Madame Fontan subía las escaleras con botellas de cerveza entre los brazos.

—Il est catholique —dijo—. ¡Dios mío, Schmidt est catholique!

¿Cree usted que será presidente? — preguntó Fontan.

—No —dije.

 

La tarde siguiente me dirigí a la casa de los Fontan, por las calles sombreadas del pueblo, luego seguí el camino polvoriento, entré por el camino de atrás y dejé el automóvil al lado del cerco. Era un día de mucho calor. Madame Fontan vino a la puerta trasera. Parecía una Santa Claus, limpia, con su rostro rosado, sus cabellos blancos y contoneándose al caminar.

—¡Dios mío!, ¡hola! —exclamó—. ¡Hace calor, Dios mío!

Entró a la casa para buscar cerveza. Me senté en el porche trasero y miré a través de la puerta de tela metálica y de las hojas de los árboles, las ondas del calor y allá lejos, las montañas. Eran montañas parduscas y sobre ellas tres picos y un glaciar nevado, que podía distinguirse a través de los árboles. La nieve parecía muy blanca, pura e irreal. Llegó madame Fontan y dejó tres botellas sobre la mesa.

—¿Qué mira usted fuera? —preguntó.

—La nieve.

—C’ est jolie la neige.

—Tome usted también un vaso.

—Bueno.

Se sentó a mi lado en una silla.

—Si Schmidt es presidente —dijo—, ¿cree usted que podremos vender el vino y la cerveza?

—Naturalmente —dije—. Confíe usted en Schmidt.

—Ya pagamos setecientos cincuenta y cinco dólares de multas cuando arrestaron a Fontan. Dos veces nos arrestó la policía y una vez los del Gobierno. Todo el dinero que ganamos mientras Fontan trabajaba en las minas y yo lavaba ropa. Nos sacaron todo, y metieron a Fontan en la cárcel. Il n’a jamais fait de mal à personne.

—Es un buen hombre —dije—. Eso es un crimen.

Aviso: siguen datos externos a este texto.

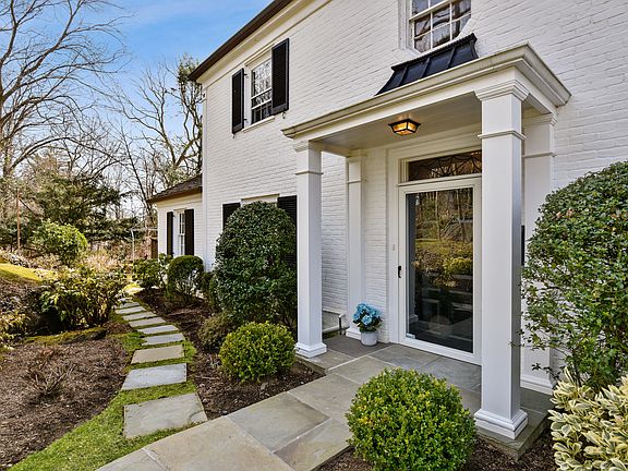 Your own private oasis. On almost 1/2 acre, this stunning center hall Colonial sits on a secluded cul-de-sac. Enter the lovely foyer to a sun drenched living room, complete with wood burning fireplace. Continue on to a bright sun room which opens to a slate patio with awning. Picture the parties in your spacious dining room. The chef's kitchen with top of the line appliances and butchers block and stainless counters is open to the sun filled family room with fantastic built-ins. Separate mud room entrance with fabulous storage. There is a spacious first floor bedroom with an en-suite full bath. The charming powder room finishes the first floor. On the second floor, the large master has an en-suite bath,walk in closets and a terrace. There are three other large bedrooms, one currently used as an office. A beautiful hall bath completes the second floor. The walk out lower level has over 600 square feet not included, with exercise and playroom/den, laundry and a two car attached garage.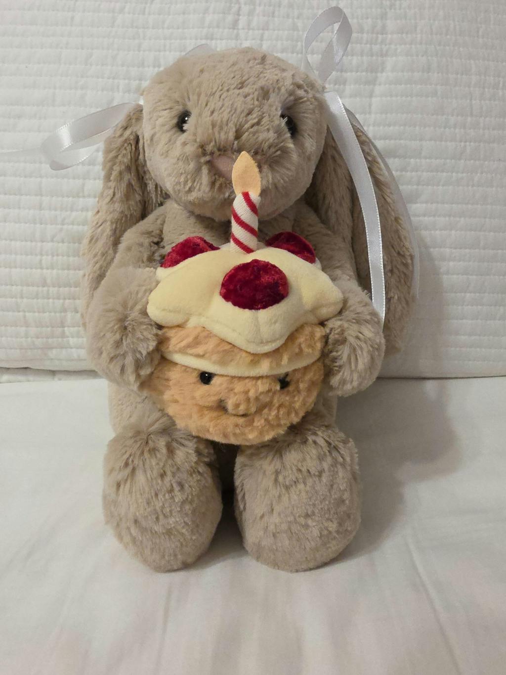 Invita al conejito beige tímido 'Cumpleaños' para las celebraciones más alegres. Suave y tierno con su pelaje beige, nuestro icónico conejito tímido sostiene un pequeño pastel de cumpleaños texturizado de Amuseables, cubierto con glaseado de crema suave, fresas aterciopeladas y una vela rayada ya encendida con una llama de gamuza. (Conejito de pastel)
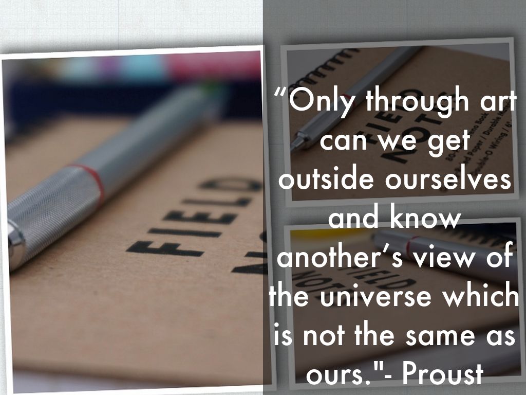 “Only through art can we get outside ourselves and know another’s view of the universe which is not the same as ours."- Proust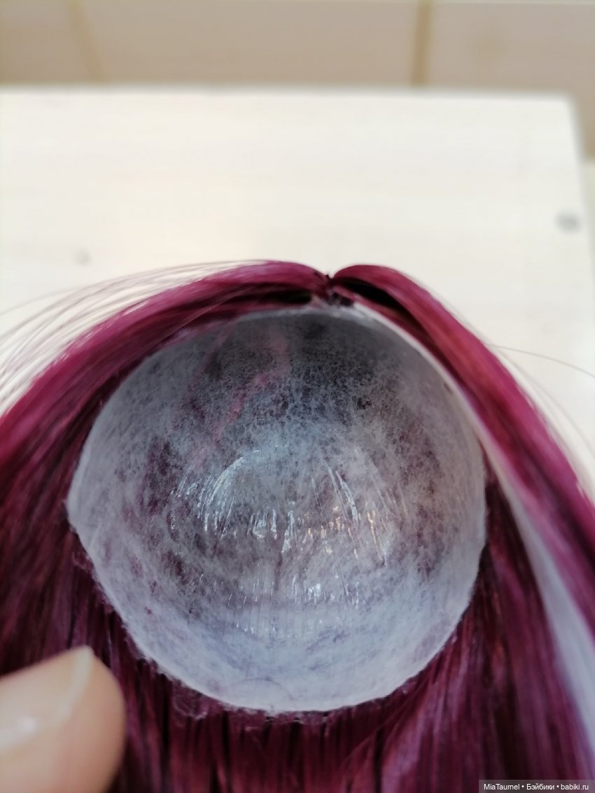 Пробор вклеивала в разрез на отдельную пластиночку, потом долго её разглаживала утюгом) После чего пластиночку приклеила на парик)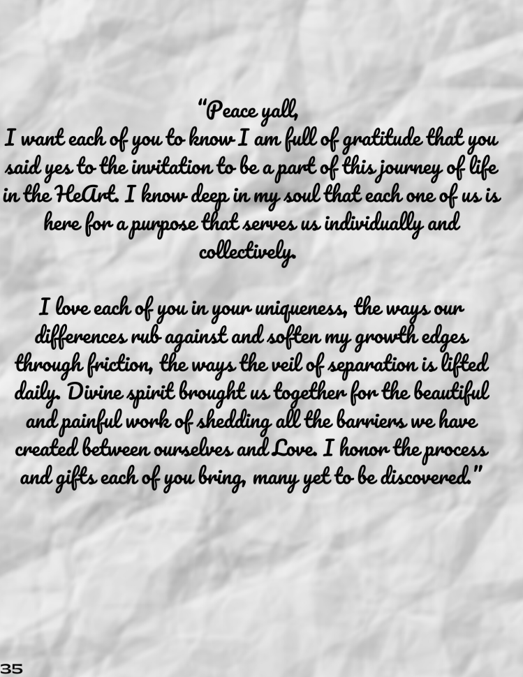 Image description: Black text in cursive font is presented in centered paragraphs. The background is white with many small gray shadows, like a crumpled piece of paper which has been flattened out. There is a page number ’35’ in black in the bottom left corner.

—Nosotros no cobramos mucho. El vino, un dólar el litro. La cerveza, diez centavos la botella. Nunca vendemos la cerveza antes de que esté buena. En muchas partes venden la cerveza en seguida que la hacen y luego da a todo el mundo dolor de cabeza. ¿Por qué, entonces, encarcelaron a Fontan y le sacaron setecientos cincuenta y cinco dólares?

—Es una iniquidad —dije—. ¿Dónde está ahora Fontan?

—Está con el vino. Tiene que vigilarlo ahora, para que salga bien —sonrió. Ya no pensaba más en el dinero—. Vous savez, il est loco pour le vin. Anoche trajo un poco a casa, lo que usted tomó, y un poco del nuevo. El último. Todavía no está listo, pero él bebió un poco y esta mañana puso un poquito en su café. Dans son café, vous savez! Il est loco pour le vin. Il est comme ça. Son pays est comme ça. Donde yo vivía, en el Norte, no se bebía vino. Todo el mundo tomaba cerveza. Había una cervecería cerca de donde vivíamos. Cuando era una niñita no me gustaba el olor del lúpulo que llevaban las carretas. Ni en los campos. Je n’aime pas les houblons. ¡No; Dios mío, ni un poquito! El propietario de la cervecería nos dijo a mí y a mi hermana que fuéramos a la cervecería y bebiéramos cerveza y luego nos gustó el olor del lúpulo. Es verdad. Luego nos gustaba mucho. Él nos daba la cerveza y entonces nos gustaba. Pero, Fontan, él está loco pour le vin. Una vez mató una liebre y quiso que la cocinara con una salsa de vino, manteca, hongos, cebollas y muchas cosas más. ¡Dios mío! Hice bien la salsa y él la comió y dijo: “La sauce est meilleure que le liebre”. Dans son pays c’est comme ça. Il y a beaucoup de gibier et de vin. Moi, j’aime les pommes de terre, le saucisson, et la bière. C’est bon, la bière. C’est très bon pour la santé.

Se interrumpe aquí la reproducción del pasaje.